Pat Shipman argues / speculates at American Scientist that
Dog domestication may have helped humans thrive while Neandertals declined
The article is well worth having a look where my “take-aways” are
- Dogs were domesticated by anatomically modern humans around (at least?) 30,000 years ago
- Archaeological evidence of domesticated dogs at human sites seems to be restricted to AMH (Homo Sapiens) sites rather than Homo Neanderthalensis sites (though this is based on some assumptions of tool making to distinguish between such sites)

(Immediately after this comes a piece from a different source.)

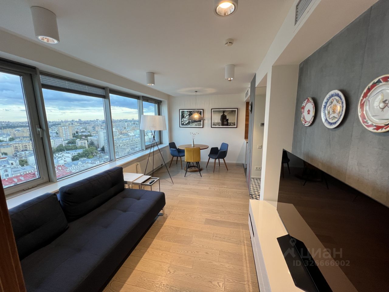 Уникальный вид на центр Москвы с 19 этажа: Башни Кремля, Храм Христа Спасителя, МИД, МГУ и др. В квартире много света, в гостиной 4 окна, в спальне 2 окна.

- For meat-eating humans hunting with dogs provides a significant advantage in terms of “yield” compared to hunting without dogs
- The Sapiens-Neanderthalensis overlap period in Europe and the Middle East was from about 45,000 to about 30,000 years ago
- Sapiens exceeded Neanderthalensis in sophistication of tools, density of tools, and the weight of captured prey
- The population of Sapiens increased 10-fold during this period and overwhelmed Neanderthalensis
- The domestication of dogs may have been a critical factor in this dominance by Sapiens
- Communication through the eyes – relying on the human ability to communicate by eye movement and the canine ability to read such communication – may have been the “lucky happenstance” which allowed/led to the domestication of dogs by humans
Though fossil evidence of domesticated dogs is very sparse and the earliest is from around 30,000 years ago, there is no certainty about when domestication actually occurred. For it to have been a critical advantage over Neanderthalensis it would have to have started with some form of regular human-canine co-operation – eventually leading to domestication – perhaps some 50,000 years ago.